Rwanda genocide suspect arrested

KAMPALA (Reuters) - Police in Uganda have arrested one of the most wanted suspects from Rwandas 1994 genocide, Idelphonse Nizeyimana, a senior police source said Tuesday. Nizeyimana, a former army captain and senior intelligence officer, had entered Uganda from Democratic Republic of Congo on October 1 and was detained in Kampala Monday, the source said. He had been extradited to Arusha, northern Tanzania, to the International Criminal Tribunal for Rwanda (ICTR), he said. ICTR officials did not immediately confirm the news. Nizeyimana was among the dozen most wanted suspects sought by the UN court over the genocide in which about 800,000 ethnic Tutsis and politically moderate Hutus were killed.

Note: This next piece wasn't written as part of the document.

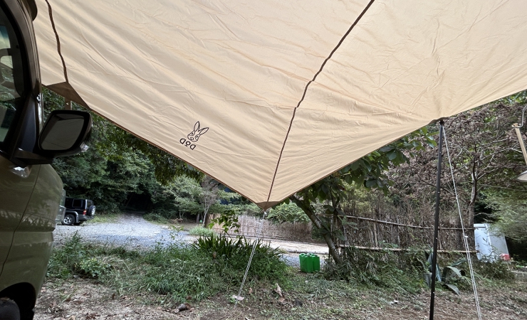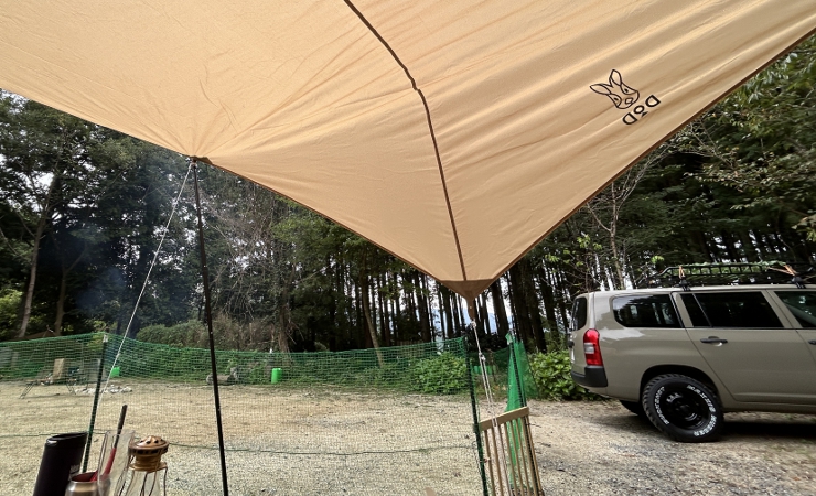 先日私の誕生日にDODの「カートゥギャザータープ」を家族からプレゼントされたので、今回初使用となります。

The US had offered a $5 million reward for his capture. He is charged by the ICTR with genocide, complicity in genocide, and direct and public incitement to commit genocide. The tribunal says Nizeyimana and others prepared lists of Tutsi intellectuals and those in authority before handing the lists to troops and militia who then killed them. He is also accused of setting up roadblocks where Tutsis were slaughtered, and of providing weapons and transport to militia in the knowledge they were being used for attacks. Rwandas government, which says Nizeyimana was the main organizer of the genocide in the southern province of Butare, says he has spent the 15 years since the slaughter fighting for a Hutu rebel group in the forests of neighbouring eastern Congo.